Alarmingly, that number has dropped 50% over the last 10 years, but with 176,632 followers in the UK’s 2012 census, there are still more Jedi knights than followers of any religion other than Christianity, Islam, Hinduism, Sikhism, Judaism or Buddhism.
N.B.: The census phenomenon is not to be confused with “Jediism,” which is apparently a real thing.
Art
In case you ever wondered whether Banksy was a Star Wars fan, Banksy is a Star Wars fan.
Meanwhile on the internet, Worth 1000 held a Star Wars fine art Photoshop contest in 2008, with a lofty goal to “rectify the art world’s mistake by placing Star Wars character, items, vehicles and scenes into classic art works.” Unfortunately the full gallery seems to have been taken down, but General Grievous Crossing the Alps and Admiration with Yoda are on permanent display on Geekadelphia.
Literature
Star Wars has inspired a lot of books, from novelizations to philosophy texts, but the trilogy itself is partially based on a book: The Hero With a Thousand Faces, a seminal work of Jungian comparative mythology by Joseph Campbell. Campbell argues that all important myths follow the same basic pattern, which he calls the “monomyth.” His theory really is a “once seen can’t be unseen” sort of a deal, so sorry if this ruins every epic story ever for you.

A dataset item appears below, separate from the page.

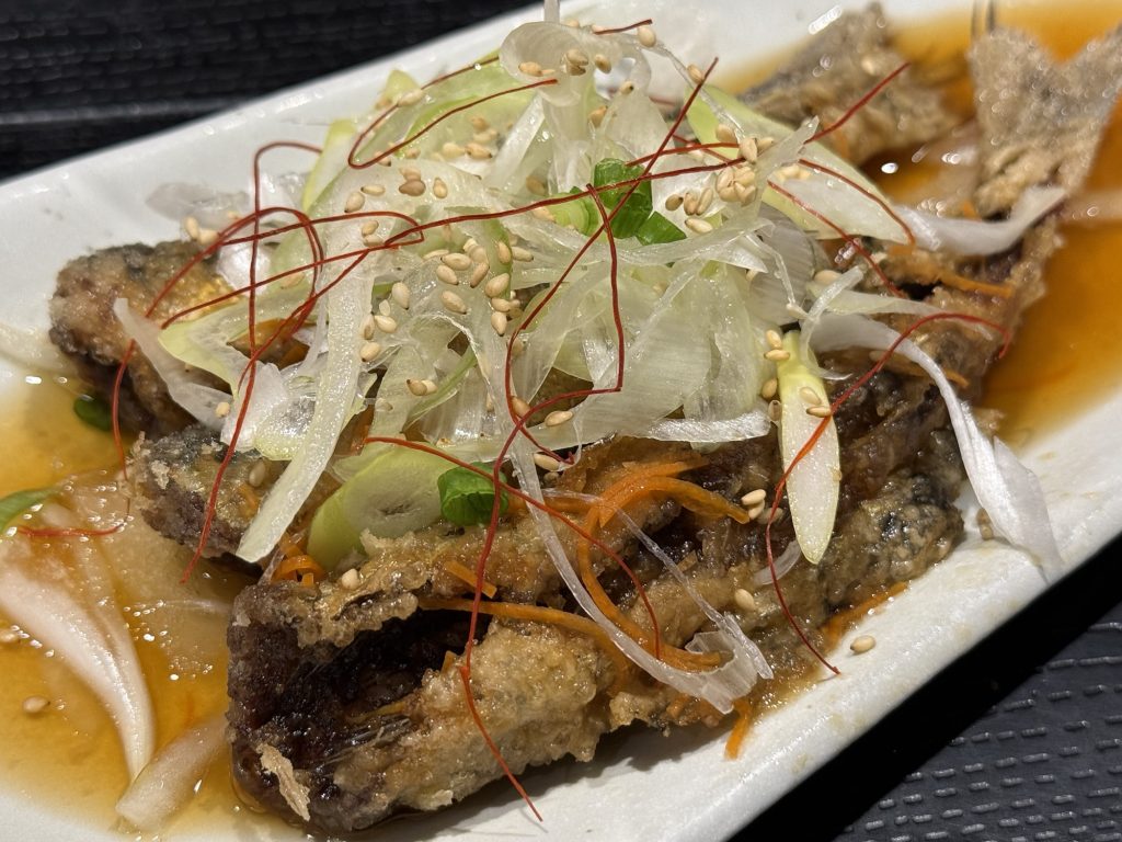 南蛮漬けをメインに据える定食ってあまり見かけたことないんだけど、これみて納得。鰯丸々3尾が南蛮漬けになって出て来ましたよ。酢漬けというよりは、揚げたての鰯をいただく感じ。食べ応えあるし、香ばしくてこれ美味いな。
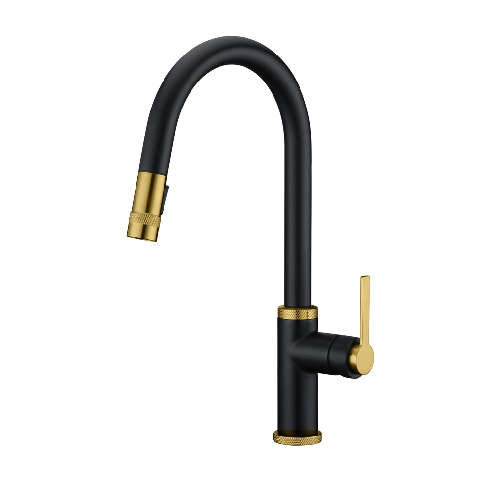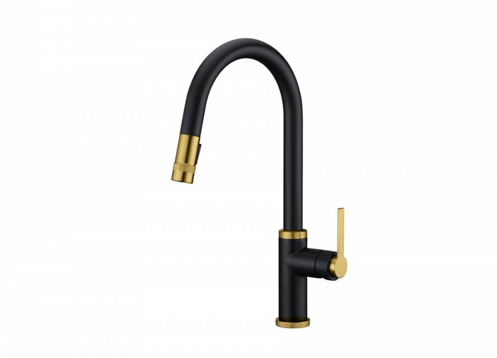 Dawn Single-Lever with Two Functions Pull-out Spray Kitchen Faucet, Spot Free Gold & Matte Black

Campbell outlines 17 stages of the “hero’s journey,” during which the archetypal hero receives a call to leave home, embarks into the unknown, faces challenges along with various mentors and helpers, descends into death or some other spirit realm, emerges reborn and goes back home. The entire schema is incredibly detailed, but also incredibly easy to apply to the stories of Odysseus, Jesus, Gautama Buddha, Dante in the Inferno, Simba in The Lion King, Harry Potter… and Luke Skywalker.
George Lucas was two drafts into writing the first Star Wars movie when he rediscovered Campbell’s work, and from then on he deliberately structured the film to align with the monomyth.
The influence goes both ways. In 1988, Joseph Campbell and journalist Bill Moyers wrote and produced The Power of Myth, a six-part TV documentary about comparative mythology. Most of the interviews in the series were filmed at George Lucas’ Skywalker Ranch, and naturally the first episode includes a discussion of Star Wars as a metaphor for the hero’s journey. Coming full circle, one popular post-1977 reprint of The Hero With a Thousand Faces shows Mark Hamill as Luke Skywalker on the cover.
Dance
Don’t worry, not that long ago and in our very own galaxy there was once a Star Wars ballet.